Task — Starting at the line that holds "Įspūdinga aukščiausios kokybės(24PbO), garsaus", restate every line word for word up to and including the last one in the listing below, and omit all pictures.

Provided data —
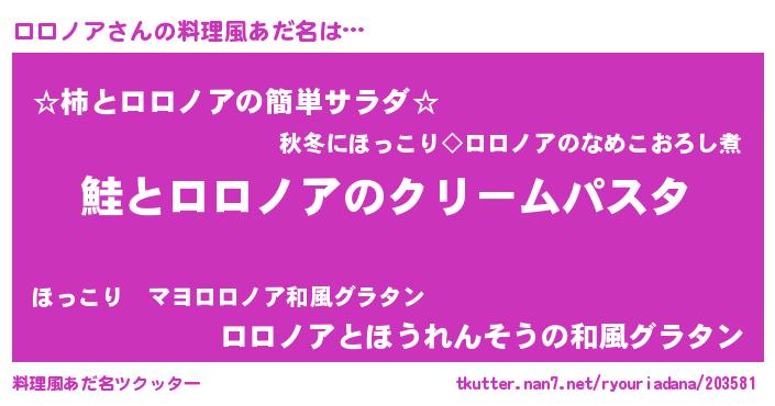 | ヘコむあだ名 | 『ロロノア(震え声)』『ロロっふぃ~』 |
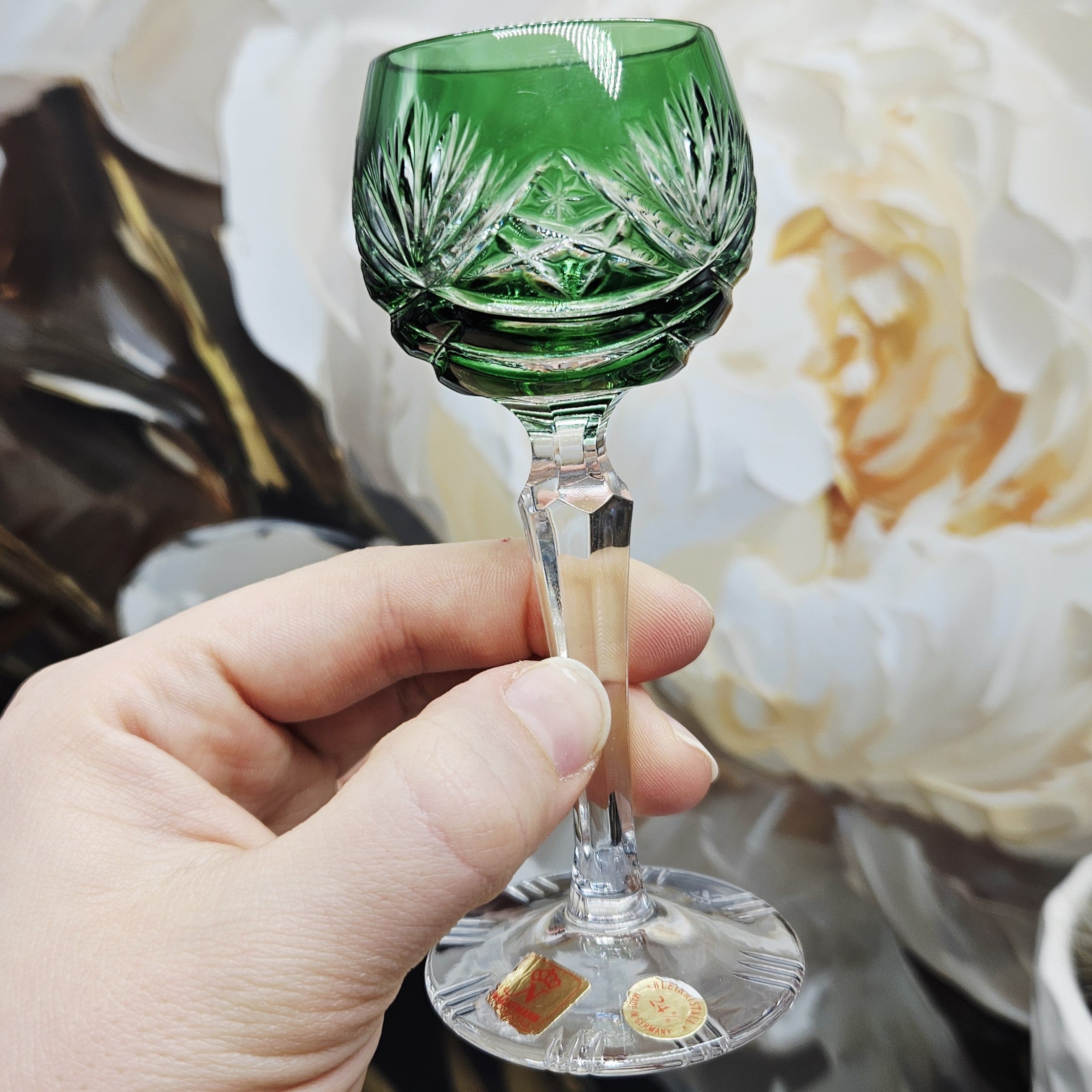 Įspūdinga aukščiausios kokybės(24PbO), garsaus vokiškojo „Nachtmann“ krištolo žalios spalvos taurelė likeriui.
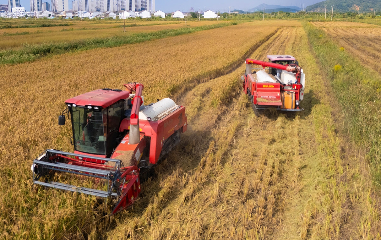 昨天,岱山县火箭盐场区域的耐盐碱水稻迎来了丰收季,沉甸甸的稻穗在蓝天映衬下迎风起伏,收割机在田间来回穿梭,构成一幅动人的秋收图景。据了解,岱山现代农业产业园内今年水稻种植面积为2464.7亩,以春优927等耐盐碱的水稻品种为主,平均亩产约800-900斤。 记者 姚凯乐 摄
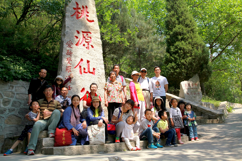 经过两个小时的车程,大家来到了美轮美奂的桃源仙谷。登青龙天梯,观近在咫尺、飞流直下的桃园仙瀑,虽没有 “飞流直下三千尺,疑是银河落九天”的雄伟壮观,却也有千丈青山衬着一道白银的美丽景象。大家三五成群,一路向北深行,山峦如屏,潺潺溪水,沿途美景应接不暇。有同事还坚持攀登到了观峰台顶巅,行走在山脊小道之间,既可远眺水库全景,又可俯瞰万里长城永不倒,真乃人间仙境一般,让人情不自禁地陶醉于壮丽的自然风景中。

Response for this exercise —
 Įspūdinga aukščiausios kokybės(24PbO), garsaus vokiškojo „Nachtmann“ krištolo žalios spalvos taurelė likeriui.
 昨天,岱山县火箭盐场区域的耐盐碱水稻迎来了丰收季,沉甸甸的稻穗在蓝天映衬下迎风起伏,收割机在田间来回穿梭,构成一幅动人的秋收图景。据了解,岱山现代农业产业园内今年水稻种植面积为2464.7亩,以春优927等耐盐碱的水稻品种为主,平均亩产约800-900斤。 记者 姚凯乐 摄
 经过两个小时的车程,大家来到了美轮美奂的桃源仙谷。登青龙天梯,观近在咫尺、飞流直下的桃园仙瀑,虽没有 “飞流直下三千尺,疑是银河落九天”的雄伟壮观,却也有千丈青山衬着一道白银的美丽景象。大家三五成群,一路向北深行,山峦如屏,潺潺溪水,沿途美景应接不暇。有同事还坚持攀登到了观峰台顶巅,行走在山脊小道之间,既可远眺水库全景,又可俯瞰万里长城永不倒,真乃人间仙境一般,让人情不自禁地陶醉于壮丽的自然风景中。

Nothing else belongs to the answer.